Of course, I guess I have to underscore that consistency is always key. I'm not saying, don't workout for a week, then go hard, or that two days a week is enough to see results. I'm saying that if you are the kind of person who works out 5+ days a week, for more than an hour a day, consider what I have outlined above. Consider some silent meditation, instead of a recovery run. Increase intake of whole foods, especially organic, local vegetables and fruits. Give yourself room to not do a conditioning piece five days a week. Give yourself room to grow.

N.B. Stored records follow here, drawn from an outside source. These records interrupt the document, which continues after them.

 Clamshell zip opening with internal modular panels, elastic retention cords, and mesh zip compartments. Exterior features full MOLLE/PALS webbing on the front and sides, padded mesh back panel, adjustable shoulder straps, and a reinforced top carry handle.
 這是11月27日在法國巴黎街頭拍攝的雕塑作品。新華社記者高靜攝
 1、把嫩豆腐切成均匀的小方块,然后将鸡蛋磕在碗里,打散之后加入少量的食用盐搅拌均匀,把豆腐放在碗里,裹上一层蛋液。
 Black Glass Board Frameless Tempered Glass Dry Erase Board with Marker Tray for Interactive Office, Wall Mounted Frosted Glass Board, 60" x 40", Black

Recently, I have taken the luxury of removing conditioning from some days, so that athletes are only doing 3 conditioning workouts a week. Still, we are lifting heavy, completing one of the most feared squat programs on the planet: Smolov Jr. A squat program that demands that you eat and recover. I know some of you feel like you need to do a conditioning piece five days a week, but I've got news for you: doing that extra row, or run, or whatever, unless it is strictly skill work, is not doing you any good, neither for muscle gain, nor for fat loss. Again, nutrition, and rest, especially if you are working out 5 days a week, is the answer, not more work.

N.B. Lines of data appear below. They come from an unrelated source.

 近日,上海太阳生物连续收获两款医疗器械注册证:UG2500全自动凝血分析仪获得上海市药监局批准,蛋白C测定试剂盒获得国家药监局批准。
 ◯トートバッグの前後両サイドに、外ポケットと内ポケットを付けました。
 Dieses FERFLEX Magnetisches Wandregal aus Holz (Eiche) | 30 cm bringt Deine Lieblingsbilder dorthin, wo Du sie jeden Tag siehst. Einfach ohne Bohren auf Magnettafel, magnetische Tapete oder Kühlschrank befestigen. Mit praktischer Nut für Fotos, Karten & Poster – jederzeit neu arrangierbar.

Professional athletes workout long hours, but they also spend time on recovery as soon as they are done training, and they have off-seasons. Remember that: off-season. They have an entire season, when in some cases, they do not practice their sport at all. Furthermore, there is a tendency in sport to use substances that enhance recovery potential. That's how some athletes can put in 6 hours of work a day and recover. Without a doubt, top athletes in unregulated or under-regulated sports (like Crossfit, or Grid Sport) are using performance enhancing drugs. You don't have a structured off-season, and you're not on growth hormones, so pace yourself. Technically, this is our "off-season," if we take the Crossfit Open to be our five-week season, hence the drop in the amount of wall ball shots, and conditioning in general. Still, our total work output remains the same, and we have not reduced the load or volume, but have increased it slightly, especially when we consider the demanding nature and intensity of Smolov Jr., and the back squat. Just like the deadlift, the back squat is very demanding on the central nervous system, and because of the high loading potential, requires more time to recover from than, say, a heavy snatch or a heavy clean. You may feel like you are tip-top, but in the midst of Smolov Jr., you most likely are not.

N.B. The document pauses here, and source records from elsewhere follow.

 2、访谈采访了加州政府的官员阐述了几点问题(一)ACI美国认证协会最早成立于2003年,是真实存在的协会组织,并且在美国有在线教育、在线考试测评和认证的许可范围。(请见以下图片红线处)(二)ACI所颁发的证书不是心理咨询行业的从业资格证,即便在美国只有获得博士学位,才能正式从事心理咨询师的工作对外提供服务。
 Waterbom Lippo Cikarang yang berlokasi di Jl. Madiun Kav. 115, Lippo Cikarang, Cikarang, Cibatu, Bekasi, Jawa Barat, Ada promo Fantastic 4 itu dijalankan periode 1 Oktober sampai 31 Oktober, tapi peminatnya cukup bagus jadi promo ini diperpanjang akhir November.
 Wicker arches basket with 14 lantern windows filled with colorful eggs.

Sometimes, doing nothing is doing everything. The potential for growth is increased when we eat well, sleep, and rest. Growth happens outside of the gym, not in it. The only thing in the gym is poison, and all you need is a little bit, a non-lethal dose. Too much or too little, and you will not grow, or your growth will be mediocre, at best.
Maybe I have described you in this article. Maybe you are feeling a little hurt, maybe even like I am talking to you personally, but I'm not; the issues outlined above are common. But, I have to say, that if I have described you, you are a woman/man after my own heart. I love ambition in the gym. I love people who love the grind. People who don't complain about work. People who don't make excuses. People who dive in, all in. People who do work and love it. People who are willing to go the extra mile. But, as your coach, I know that running your body into the ground and under-eating is not a recipe for success in the long-term. Workout less, eat more food. If you are inconsistent at the gym, or are a sedentary individual, this article isn't for you; get into the the gym, go on a run, play and be active. For some of you, though, this may be the best advice to achieve your goals of fat loss, muscle gain, increased power and increased strength.